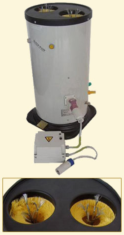 Elektrisches Modell mit drehender Innenbürste und fester Außenbürste. Ideal für Hobby-Weinmacher oder Bierbrauer, welche große Mengen brauen. Wie 021.251.9, aber in doppelter Ausführung: Spült 2 Flaschen gleichzeitig. 24 Volt Stromversorgung, mit dem mitgelieferten Transformator. Kapazität: bis 700 Flaschen pro Stunde. Abmessungen: Höhe 90 cm, Fuß 47 x 47 cm, Gewicht 35 kg
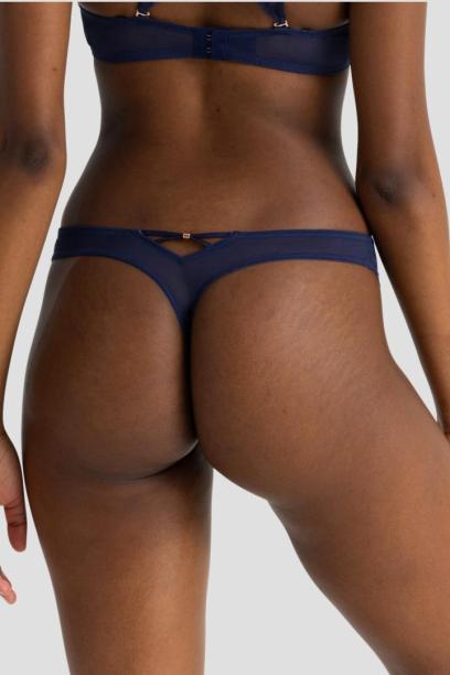 Naiselikud ja elegantsed stringid, mille esiosa on läikiva tikandiga poolläbipaistvast kangast, tagumine osa kahekordsest tüllist, mis muudab need riiete all nähtamatuks.
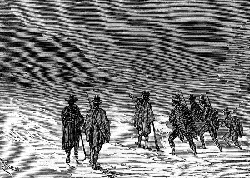 The two ladies exerted themselves heroically, but their strength was failing every hour. They dragged themselves along, they no longer walked.—p. 433.
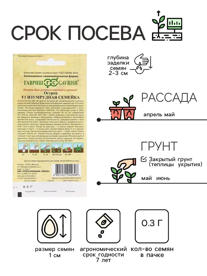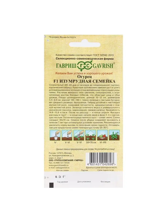 Семена Огурец "Изумрудная семейка" F1,корнишон, раннеспелый, партенокарпический, 0,3 г
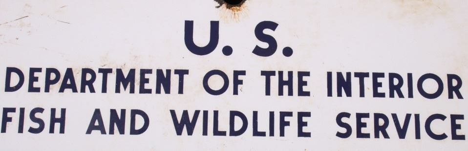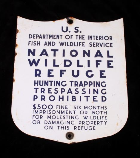 Featured in this lot is a U.S. Fish and Wildlife Service Porcelain Enamel Sign, from the U.S. Department of the Interior. The sign is also marked "National Wildlife Refuge / Hunting Trapping Trespassing Prohibited / $500 Fine Six Months Imprisonment or Both For Molesting Wildlife or Damaging Property on This Refuge." The sign is in good condition with some rust and wear showing. It measures 15.25" x 13".
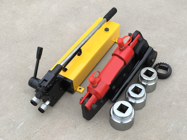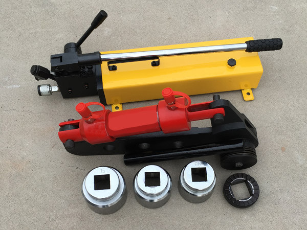 手動高壓泵由操縱手柄,高壓泵、換向閥、油箱、壓力表和帶快速接頭的輸油管等組成。帶棘輪式液壓扳手由高壓油口、液壓油缸、曲柄、反力桿、棘輪裝置、套筒等組成、前者系動力源部件,后者為扭矩執行機構。
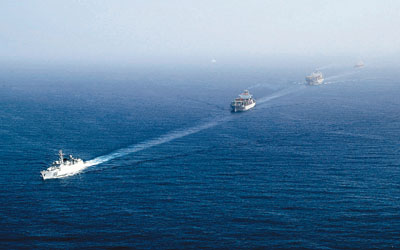 ■1月6日,在「武漢」號導彈驅逐艦的帶領下,被護航的中國商船一字排開航行。 新華社
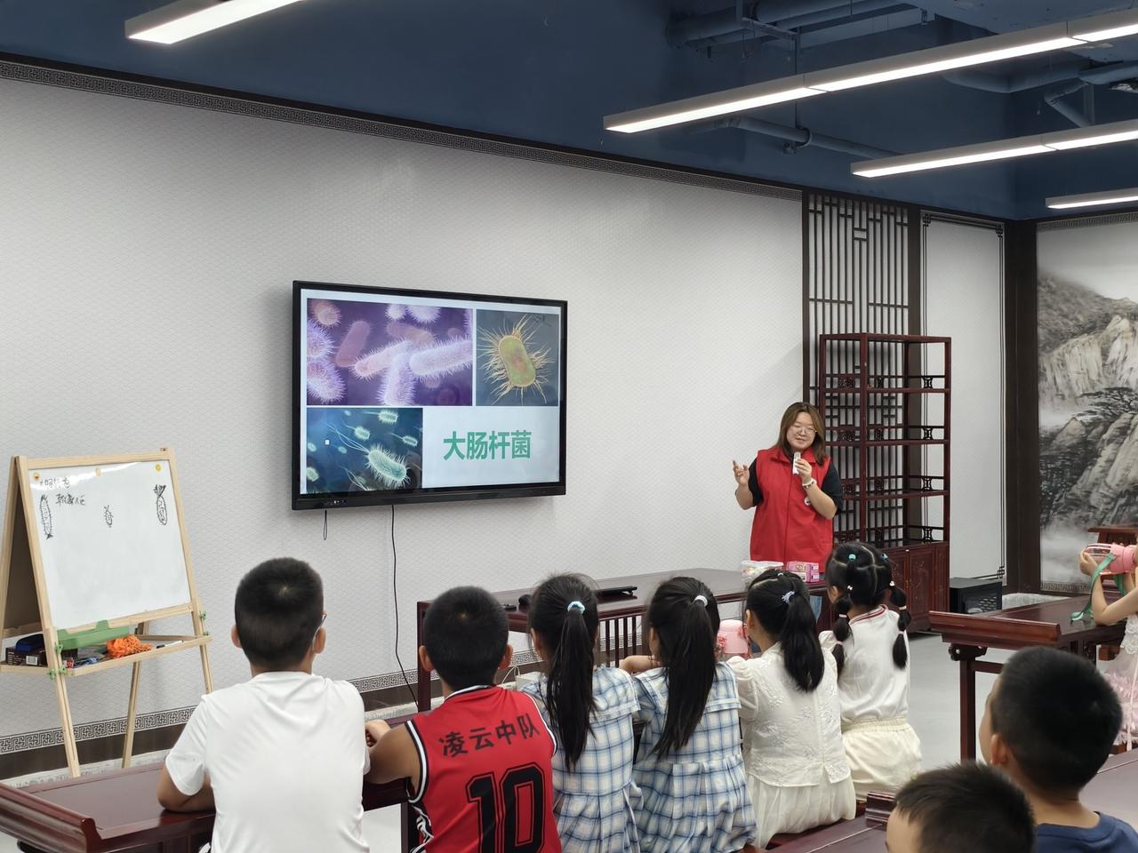 志愿者向小朋友们讲解大肠杆菌相关知识
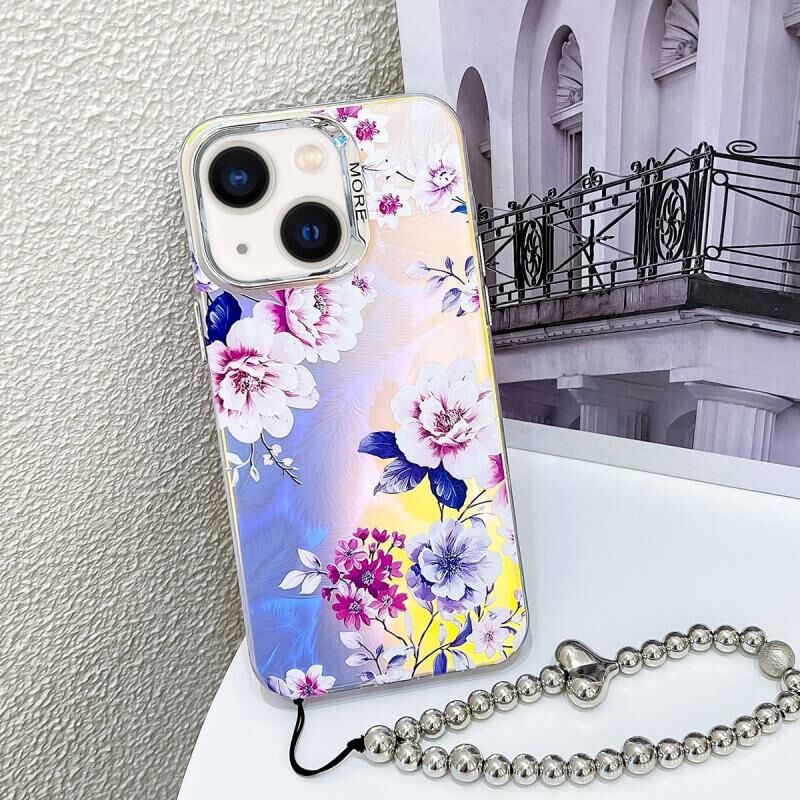 Θήκη τηλεφώνου με ηλεκτρολυτική επίστρωση και λουλούδι λέιζερ για iPhone 13 με λουρί καρπού (Παιώνια AH11)

### Directions
Retype, word for word, only the line holding "Naiselikud ja elegantsed" and the lines after it through the final line of the listing above, and leave every picture out.

### Written reply
 Naiselikud ja elegantsed stringid, mille esiosa on läikiva tikandiga poolläbipaistvast kangast, tagumine osa kahekordsest tüllist, mis muudab need riiete all nähtamatuks.
 The two ladies exerted themselves heroically, but their strength was failing every hour. They dragged themselves along, they no longer walked.—p. 433.
 Семена Огурец "Изумрудная семейка" F1,корнишон, раннеспелый, партенокарпический, 0,3 г
 Featured in this lot is a U.S. Fish and Wildlife Service Porcelain Enamel Sign, from the U.S. Department of the Interior. The sign is also marked "National Wildlife Refuge / Hunting Trapping Trespassing Prohibited / $500 Fine Six Months Imprisonment or Both For Molesting Wildlife or Damaging Property on This Refuge." The sign is in good condition with some rust and wear showing. It measures 15.25" x 13".
 手動高壓泵由操縱手柄,高壓泵、換向閥、油箱、壓力表和帶快速接頭的輸油管等組成。帶棘輪式液壓扳手由高壓油口、液壓油缸、曲柄、反力桿、棘輪裝置、套筒等組成、前者系動力源部件,后者為扭矩執行機構。
 ■1月6日,在「武漢」號導彈驅逐艦的帶領下,被護航的中國商船一字排開航行。 新華社
 志愿者向小朋友们讲解大肠杆菌相关知识
 Θήκη τηλεφώνου με ηλεκτρολυτική επίστρωση και λουλούδι λέιζερ για iPhone 13 με λουρί καρπού (Παιώνια AH11)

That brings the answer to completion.